It's really late, so this will just be a stop gap. As
alluded to earlier, anonymous thinks I'm "delu[ded] about [my] own subtlety and fairness," devote my YDN columns to "coerc[ing] and re-hash[ing] the same position over and over again," "interpret and judge politics in terms of a single criterion, individual rights," "seem more interested in styling yourself a public intellectual than in cultivating genuine debate."
What prompted this---and I'll get to a response in due time; for now let's just say that I apologize for my seemings, and that anonymous should apologize to me for either not reading or not competently reading my YDN columns---was my
fairly obviously light-hearted criticism of Peter Johnston for rushing into print his pet interpretation of the current subject of his DS course. (That this post was a joke seems, or better yet, let us say,
is irrelevant to anonymous, who incredibly thinks that "This is ridiculous"
would constitute a potential counterargument to Johnston that avoids the pitfalls of coercion and repetition.)
In any case, in what was, according to anonymous, my "suggest[ion] that the author lacks intellectual poise," and what was, on planet earth, a reflection on the tendency of DSers to get absorbed in their curriculum to the point of losing their bearings, I expressed the worry that old Peter, if he's not careful with the devotion to Plato, will soon find himself a member of one of the Yale Political Union's right-wing parties, and therefore severely handicapped in his prospects for getting laid.
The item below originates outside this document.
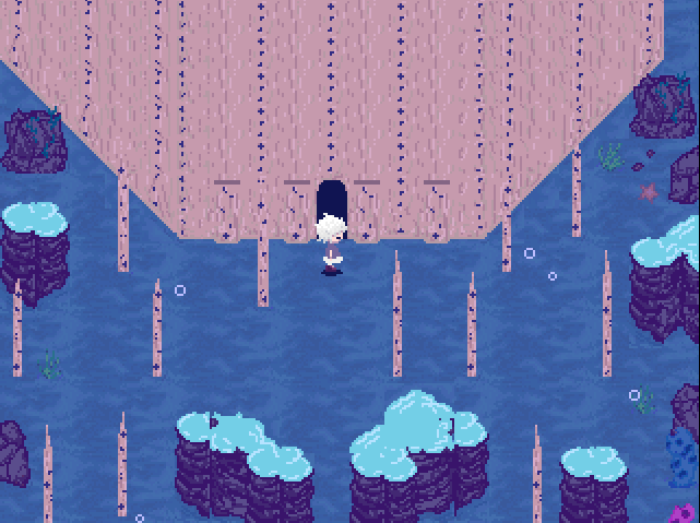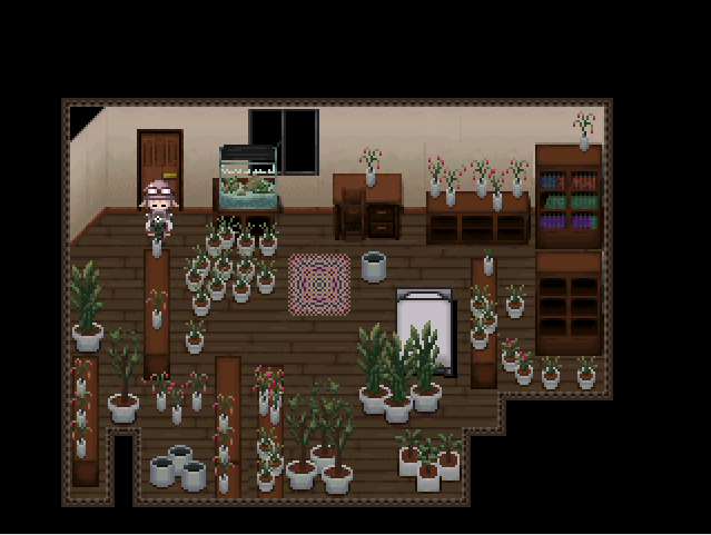 In Dot Flow the doors are completely gone in favor of exits in each of the cardinal directions, while this does reduce the number of entrances in the nexus it makes it easier to get to important worlds that may serve a story purpose. Yume 2kki decides to expand on the nexus even more making the nexus an even bigger room with objects to interact with that represent the world.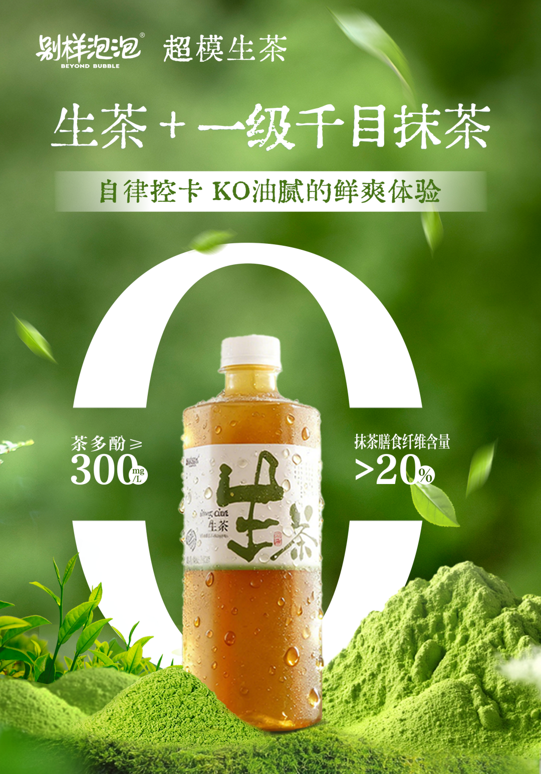 无糖生茶+抹茶,富含膳食纤维和茶多酚(≥300mg/L),是身材管理期的大餐解腻救星 ;

Well, Johnston is
back in print today, with an attack on, you guessed it, political individualism, and his op-ed is about as clear a giveaway as there can be that he's joined a conservative YPU party.
In closing, if anonymous is reading this, I'd appreciate it if he'd 1) give an exhaustive presentation of the multiplicity of criteria by which he judges politics, as well as a non-arbitrary account of why they are not expressable as maximization principles, and 2) use his name if he has any desire to continue this dispute.
HARMONIOUS CONVERGENCE SIDENOTE: One point I was hoping to get to in my supplement to
Julian Sanchez's critique of maggiegallagherism concerned the following passage in Gallagher's
farewell post on the Volokh Conspiracy:
....the reality that humanity comes in two halves, male and female, who are called to join together in love, not only as a private satisfaction, but in order to make the future actually happen....
One of the Volokh commenters describes this as "quasi-Catholic mysticism." I think it would be more accurate to call it Catholic quasi-mysticism. Quasi-Catholic mysticism is better exemplified, no bullshit, by Peter Johnston, who writes:
The declaration [of Independence], however, also includes elements of the prescriptive Judeo-Christian tradition inherited by the founders. This tradition emphasizes the concepts of divine providence, natural hierarchy and a respect for authority.
Yes indeed, "natural hierarchy." Now you know whence the famous "telos of man" clause of the 14th Amendment originates.